Often when a company decides to launch a new version of a platform, they work really hard to preserve the user interface to keep everything familiar for existing customers. That sounds like a good goal, but it can be fraught with problems. A clean Version 2 will have the freedom to innovate across all areas of the platform, including user interface. Often, the interface is actually the problem that is limiting the further success of Version 1. As products mature, they get feature after feature added to their UI, and eventually it is just too bogged down with choices and screens and options to be usable.
I experienced an example of this phenomena first-hand in the form of a new BMW versus a new Tesla. BMW has a long history, and its interface has grown over the years. They have strived to maintain an interface that is familiar for repeat buyers. It was initially a clean interface, but over time it has been bogged down with baggage. The progression started with extra buttons on the dashboard. In time, they added similar buttons to the steering wheel. Then they added a joystick-like device on the console to manage all the features on a video screen. As more and more features were added, the menus on the video screen grew deeper and deeper, and it became less and less obvious where to look for the controls. More recently, they improved the video screen to be a touch screen, and they enabled all the same features from the joystick on the touch screen. Along the way, they added voice commands for the same features, but I don’t know anyone that is fluent enough speaking BMW to actually find all of the features. Most recently, they added Apple Carplay with Siri, but the two voice systems are overlapping, and not compatible. The result is a car with three or four or five different ways to do the same things. What a jumble of interfaces! By contrast, the Tesla has almost no buttons, and just a touch screen with limited depth of menus and a simple integrated set of voice commands (although I’m not sure anyone truly speaks the full Tesla vocabulary either).
One of my favorite sayings is “if you want to move forward, you have to pick up your back foot.” BMW is an example of an interface where they did not pick up their back foot and drop the old ways in favor of the new. They stayed rooted in the old and just layered on one after another duplicate controls. The result is a complex interface that is anything but ‘ultimate.’

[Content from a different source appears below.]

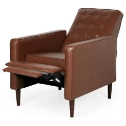 MID-CENTURY MODERN: Blending together iconic tapered legs with a smooth upholstery, our recliner offers a mid-century look to your lounge space. With its clean lines and understated look, this chair uses new materials to reimagine a traditional design.

We have to maintain a willingness to break with the past as we innovate, and not get trapped in the BMW cycle of layering on top of layering. As we invent new and creative ways to accomplish tasks, we have to be willing to pick up our back foot and let go of old ways. We have to embrace the new and remove the old. To keep it simple, we have to eliminate the complexity of too many options to achieve the same result and eliminate the tech-debt that is preventing us from building products to be what they are supposed to be.